The vocabulary used throughout this guide is defined by Schema.org, the shared standard maintained by Google, Microsoft, Yahoo, and Yandex. Google recommends implementing structured data in JSON-LD format and documents every supported type in its structured data gallery. Structured data does not guarantee a citation, but it gives AI systems a reliable, machine-readable account of your entity and content that is far less ambiguous than prose alone.
What schema does (and does not) do for AI search
Schema markup does not buy citations and there is no published, reproducible figure that says "type X gives Y percent more citations". What schema does is reduce ambiguity. The Generative Engine Optimization paper (arXiv 2311.09735) found that content which is clearly attributed, cites sources, and states facts plainly is more likely to be surfaced by generative engines. Schema is the structured layer of that same principle: it tells the engine, unambiguously, what your organisation is, who wrote a page, when it was updated, and how your pages relate to each other. Treat schema as entity hygiene, not a growth hack.
Schema types ranked by how much they help AI understanding
| Schema type | What it does for AI | Priority |
|---|---|---|
| Connected @graph (Organization + WebSite + WebPage) | Links your entity, site, and page by @id so the engine sees one verified network rather than disconnected blocks | Critical |
| Organization + sameAs | Establishes the entity and connects it to authoritative profiles (LinkedIn, Wikidata) for cross-referencing | Critical |
| Article + Person author | Attributes content to a named author and a publisher, with datePublished/dateModified for freshness | High |
| Speakable | Flags the most quotable passages; low adoption, low cost, narrow but real support | Optional edge |
| BreadcrumbList | Describes where a page sits in your site, helping topical structure | Medium |
| Product + Offer | Gives commerce details (price, availability, brand) in machine-readable form for product queries | High (ecommerce) |
| FAQPage | Deprecated. Google removed FAQ rich results in 2023; do not add it | Avoid |
1. The @graph pattern - connect your entities
The @graph pattern connects multiple schema entities into a single, interlinked structure. Instead of separate disconnected blocks, @graph tells AI platforms your Organisation, WebSite, WebPage, and Article are part of the same verified network, linked by @id. This connected signal is more useful than the same blocks scattered and unlinked, because the engine can resolve every reference to a single entity rather than guessing.

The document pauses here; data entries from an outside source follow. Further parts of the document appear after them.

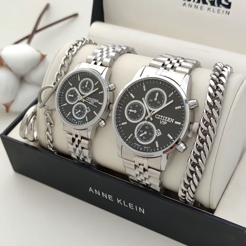 ساعت ست مردانه و زنانه نقره ای سیتیزن وی آی پی citizen vip نقره ای طلایی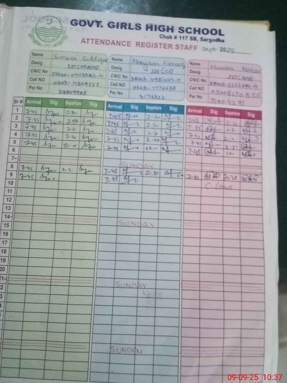 | CNIC | Full Name | Designation | R/C | Absence during last cal. month |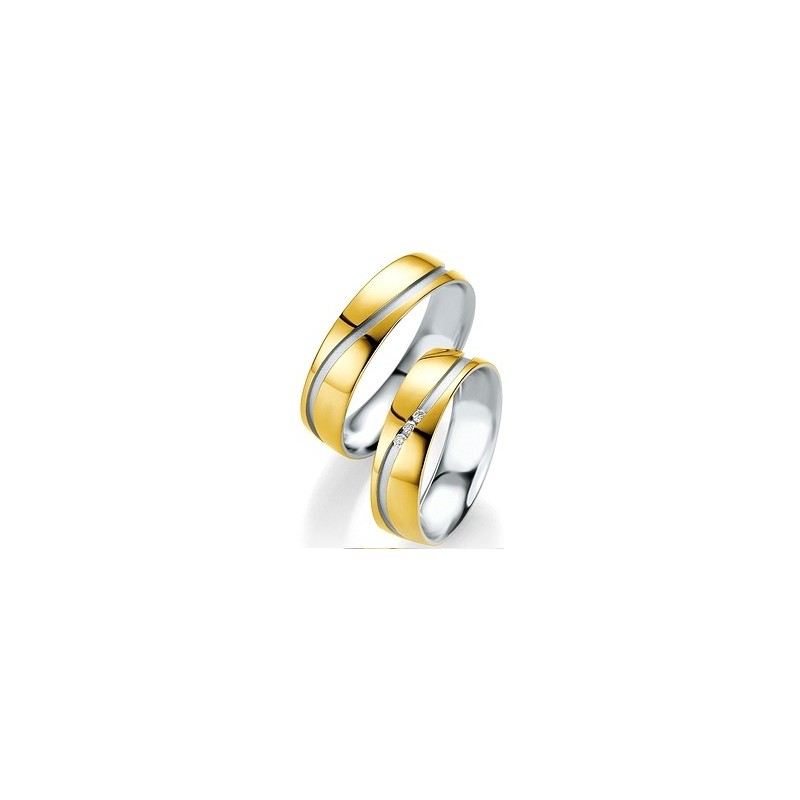 Cette alliance de mariage est en or jaune avec de l'argent, et une ligne centrale.
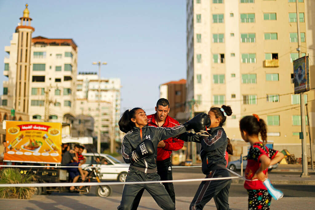 מתאגרפות צעירות בעזה, חלקן רק בנות ארבע, התאמנו השבוע על חוף הים לאחר שמועדון האגרוף שלהן נסגר בשל מגפת הקורונה. המראה של בנות עם מסכות פנים מתאגרפות על החוף תפס את עיני העוברים והשבים בעיר, בה ספורט האגרוף פופולרי בעיקר בקרב גברים.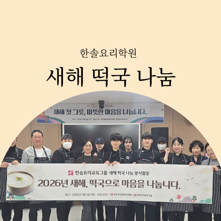1월의 시작은 한 해를 어떻게 열어갈지 조금 더 신중하게 생각하게 되는 시기입니다. 새해라는 말이 주는 기대 속에서 올해는 어떤 하루를 쌓아가고 싶은지, 어떤 선택으로 첫날을 맞이하면 좋을지 자연스럽게 떠올리게 되는데요. ◾ 한솔요리교육그룹은 2026년의 첫날을 말보다 행동으로, 의미 있는 실천으로 시작했습니다 ◾ 2026년 1월 1일 새해 첫날의 따뜻한 식탁 ◾ 1월 1일 ◾ 한솔요리교육그룹은 경영진과 임직원, 한솔요리학원 강사진이 함께 충남 홍성군 결성면을 찾아 지역 어르신들을 위한 떡국 나눔 봉사를 진행했습니다. 정성껏 준비한 떡국과 부침개 등 잔치 음식 300그릇이 새해 인사와 함께 식탁 위에 올려졌는데요. ....... <img src="https://blogthumb.pstatic.net/MjAyNjAxMDZfMjkz/MDAxNzY3NjY1OTI2NTQ0.JBmfPLCnIdLWzIKTmgv2hkmCCXYXQ60r-phRNXR5LDAg.nP37KjoK1sng6rMV1jHcg1NC18aIesjdF69pQJfnWfMg.JPEG/%B6%B1%B1%B9%B3%AA%B4%AE.jpg?type=s3" />

<script type="application/ld+json">
{
"@context": "https://schema.org",
"@graph": [
{
"@type": "Organization",
"@id": "https://example.com/#organization",
"name": "Your Company",
"url": "https://example.com",
"sameAs": [
"https://www.linkedin.com/company/yourco",
"https://www.wikidata.org/wiki/Q123456"
]
},
{
"@type": "WebSite",
"@id": "https://example.com/#website",
"url": "https://example.com",
"name": "Your Company",
"publisher": { "@id": "https://example.com/#organization" }
},
{
"@type": "WebPage",
"@id": "https://example.com/guide/#webpage",
"url": "https://example.com/guide/",
"isPartOf": { "@id": "https://example.com/#website" }
},
{
"@type": "Person",
"@id": "https://example.com/#author",
"name": "Author Name",
"jobTitle": "Expert Title",
"worksFor": { "@id": "https://example.com/#organization" }
},
{
"@type": "Article",
"headline": "Article Title",
"isPartOf": { "@id": "https://example.com/guide/#webpage" },
"author": { "@id": "https://example.com/#author" },
"publisher": { "@id": "https://example.com/#organization" },
"speakable": {
"@type": "SpeakableSpecification",
"cssSelector": [".answer-capsule"]
}
}
]
}
</script> Reference: schema.org/WebSite, schema.org/WebPage.

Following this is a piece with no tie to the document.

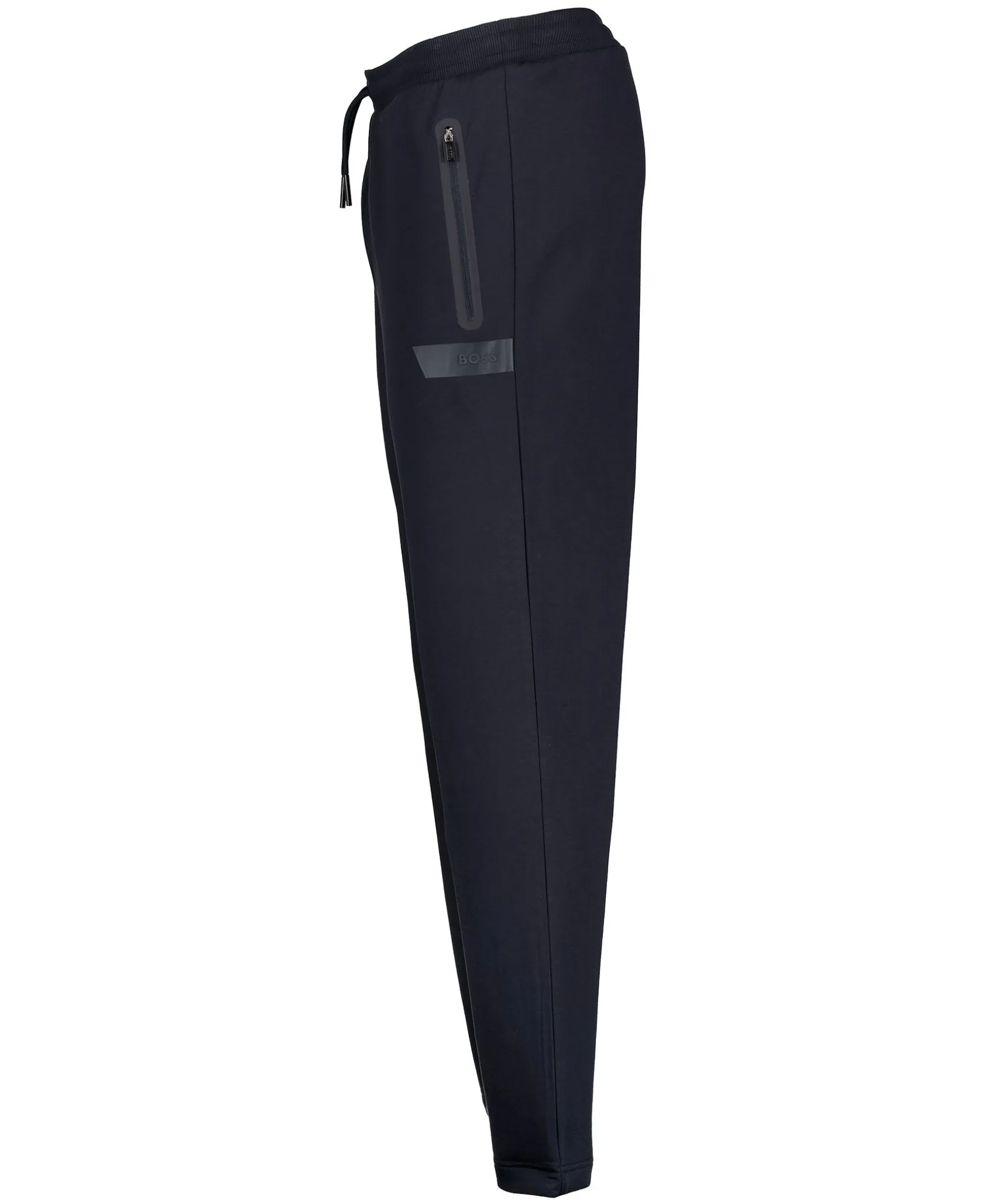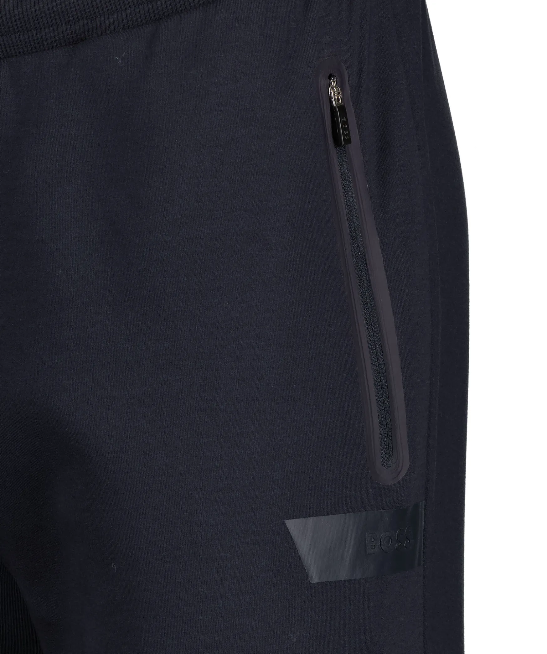 Morkbla Mjukisbyxor Fran Boss Green. Dragsko I Midjan. Tva Fickor Framtill Som Stangs Med Dragkedjor I Svart. Bakficka Pa Hoger Sida. Gummerad Logotyp Pa Vanster Lar Med Vit Bakgrund. Vita Detaljer.

How @graph strengthens AI understanding
- Connects author to organisation, establishing where the content comes from
- Links article to a verified publisher and the page it lives on
- Uses @id references, so the engine resolves each entity once instead of seeing duplicates
- Gemini draws on Google's Knowledge Graph, so a clean, internally consistent entity graph helps it reconcile your structured data with what it already knows
2. Organisation schema and sameAs - entity authority
Organisation schema with @id and sameAs links is the foundation of your entity. AI platforms use it to confirm your brand exists and to connect it to other places it appears. sameAs links to LinkedIn, Wikidata, and your verified profiles let an engine cross-reference your claims against independent sources, which is far stronger than an unlinked, self-asserted name.
Reference: schema.org/Organization, schema.org/sameAs.

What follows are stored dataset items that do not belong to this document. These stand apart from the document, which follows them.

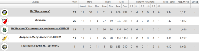 В следующем игровом отрезке четвертая команда турнирной таблицы действовала увереннее и одержала победу в сете, переведя игру на тай-брейк. В решающей партии минимальное преимущество все же сохранили волейболистки «Буковинки».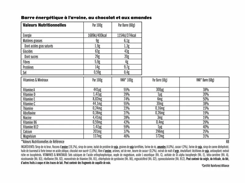 Information complémentaire sur les allergies : Contient des traces de blé, seigle, cacahuète, lait et autres fruits à coque. Peux contenir des fragments de noix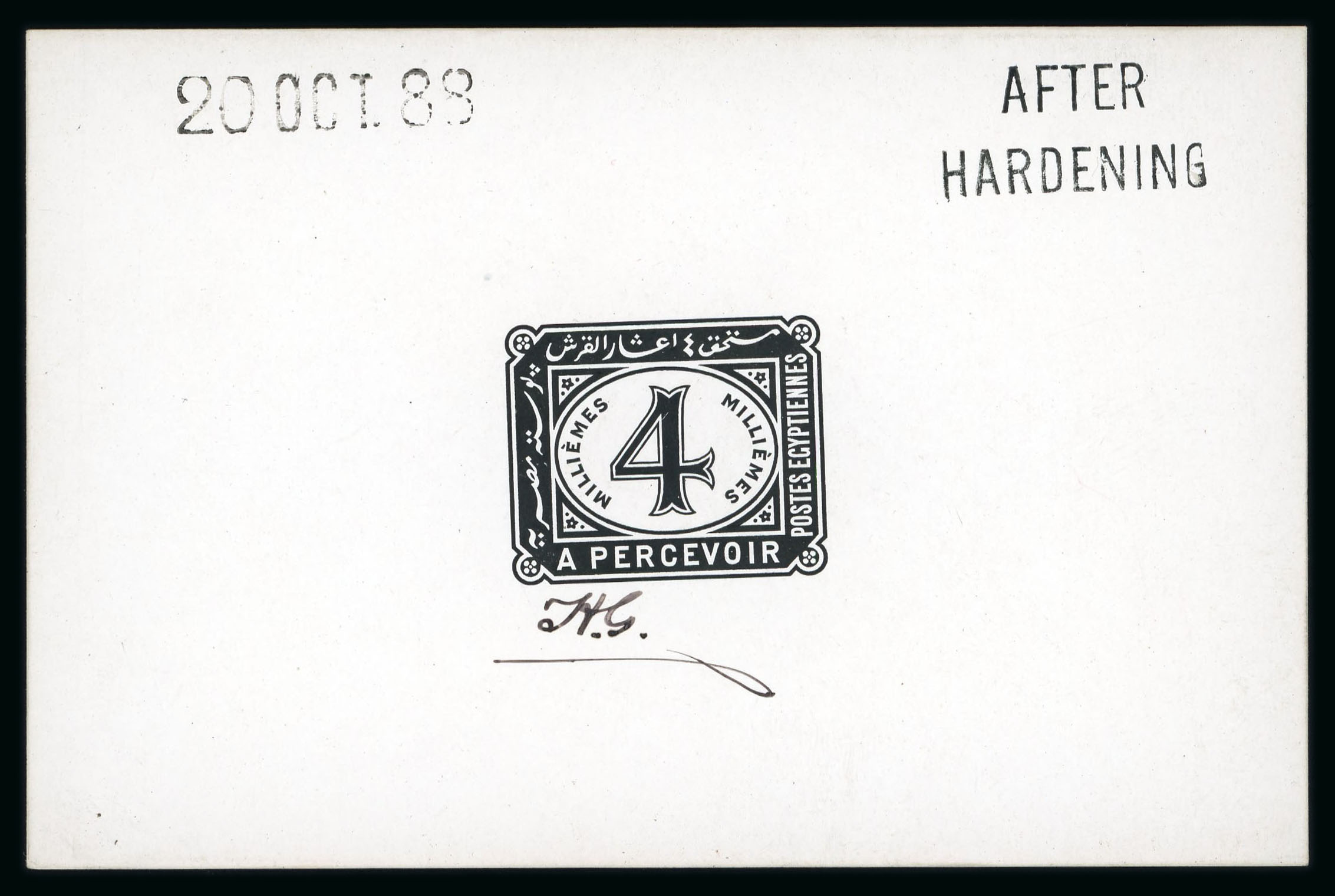 1889-1915 4m De La die proof in black, dated "20 OCT. 88" and with hs "AFTER HARDENING" alongside, signed in ink "H.G.", very fine and scarce. (Image

<script type="application/ld+json">
{
"@context": "https://schema.org",
"@type": "Organization",
"@id": "https://example.com/#organization",
"name": "Your Company Name",
"url": "https://example.com",
"logo": "https://example.com/logo.png",
"description": "Your consistent brand description used everywhere.",
"foundingDate": "2020",
"areaServed": {
"@type": "Country",
"name": "United Kingdom"
},
"sameAs": [
"https://www.linkedin.com/company/your-company",
"https://www.wikidata.org/wiki/Q123456",
"https://www.youtube.com/@yourcompany",
"https://g.co/kgs/yourGBPid"
],
"contactPoint": {
"@type": "ContactPoint",
"contactType": "customer service",
"email": "[email protected]"
}
}
</script> Organisation schema best practices
- Use @id to create a persistent identifier other schema can reference
- Include sameAs links to authoritative profiles. A Wikidata item is especially valuable because it is itself a node in the open entity graph that engines draw on
- Use areaServed, which matters for local and regional businesses
- Match the description to what appears on your GBP, LinkedIn, and other profiles, so cross-references reinforce rather than contradict each other
- Include foundingDate to add an entity permanence signal
3. Article and a named author
Article schema attributes a page to a named author and a publisher, with datePublished and dateModified. A clearly attributed, dated, well-sourced page is the kind of content the GEO research found generative engines prefer to surface. Connecting the Article to a real Person and Organisation, rather than leaving authorship implicit, makes that attribution explicit and verifiable.
Reference: schema.org/Article, schema.org/Person, Google Article documentation.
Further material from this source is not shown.